Full Text: http://cancerres.aacrjournals.org/content/68/2/339.long
“Compounds in cannabis inhibit cancer cell growth in human breast cancer cell lines and in pancreatic tumor cell lines, according to a pair of preclinical trials published in the July issue of the journal of the American Association for Cancer Research.
In one trial, investigators at Complutense University in Spain and the Institut National de la Sante et de la Recherche Medicale (INSERM) in France assessed the anti-cancer activity of cannabinoids in pancreatic cancer cell lines and in animals. Cannabinoid administration selectively increased apoptosis (programmed cell death) in pancreatic tumor cells while ignoring healthy cells, researchers found.
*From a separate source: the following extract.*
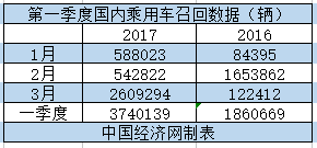 2016年,國(guó)內(nèi)乘用車召回?cái)?shù)量首次突破一千萬輛,達(dá)到11331565輛。進(jìn)入2017年,國(guó)內(nèi)乘用車召回?cái)?shù)量繼續(xù)井噴,今年一季度累計(jì)召回汽車3740139輛,同比2016年一季度的1860669輛增長(zhǎng)了101.01%。

In addition, “cannabinoid treatment inhibited the spreading of pancreatic tumor cells … and reduced the growth of tumor cells” in animals.
“These findings may contribute to … a new therapeutic approach for the treatment of pancreatic cancer,” authors concluded.
In the second trial, investigators at Spain’s Complutense University reported that THC administration “reduces human breast cancer cell proliferation [in vitro] by blocking the progression of the cell cycle and by inducing apoptosis.” Authors concluded that their findings “may set the bases for a cannabinoid therapy for the management of breast cancer.”
Previous preclinical data published in May in the Journal of Pharmacological and Experimental Therapeutics reported that non-psychoactive cannabinoids, particularly cannabidiol (CBD), dramatically halt the spread of breast cancer cells and recommended their use in cancer therapy.
Separate trials have also shown cannabinoids to reduce the size and halt the spread of glioma (brain tumor) cells in animals and humans in a dose dependent manner. Additional preclinical studies have demonstrated cannabinoids to inhibit cancer cell growth and selectively trigger malignant cell death in skin cancer cells, leukemic cells, lung cancer cells, and prostate carcinoma cells, among other cancerous cell lines.”